┏━━

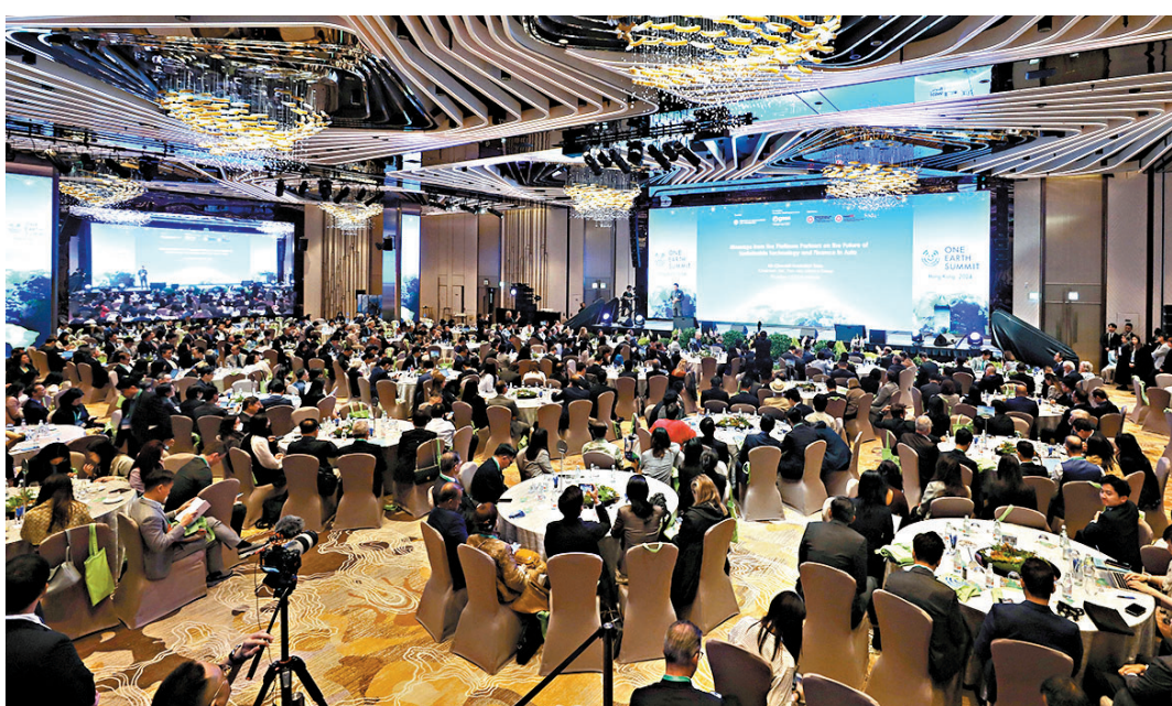
◆在昨日的世界合一論壇上，有專家認為中國在可再生技術領域處於世界領先地位。

林毅夫指出，中國的新發展理念，包含創新、協調、綠色發展，以及共享繁榮。他提到，過去十年，中國在治理城市污染方面取得長足進步。如果外國友人到訪中國各大城市，會發現都是綠色的，和歐洲以及美國的主要城市相仿。這主要是中國政府通過政策創新和鼓勵創新科技，兌現了綠色發展的承諾。
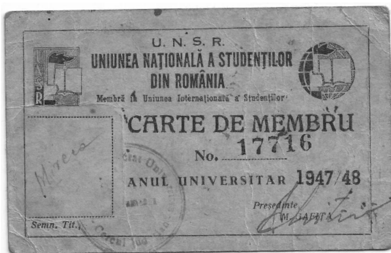
DOC. 1 (față)
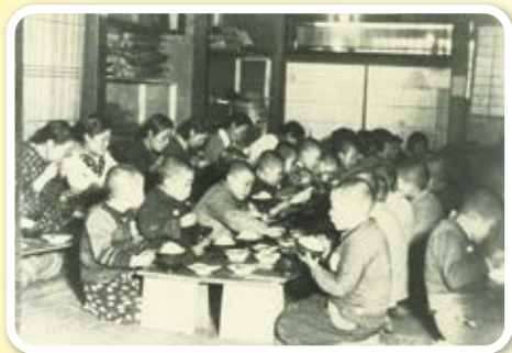
しょく じ 食 事

┗━━

EXERCISE DETAILS
Go through the listing above and retype it exactly, skipping every picture.

REPLY TO THE TASK
◆在昨日的世界合一論壇上，有專家認為中國在可再生技術領域處於世界領先地位。

林毅夫指出，中國的新發展理念，包含創新、協調、綠色發展，以及共享繁榮。他提到，過去十年，中國在治理城市污染方面取得長足進步。如果外國友人到訪中國各大城市，會發現都是綠色的，和歐洲以及美國的主要城市相仿。這主要是中國政府通過政策創新和鼓勵創新科技，兌現了綠色發展的承諾。
DOC. 1 (față)
しょく じ 食 事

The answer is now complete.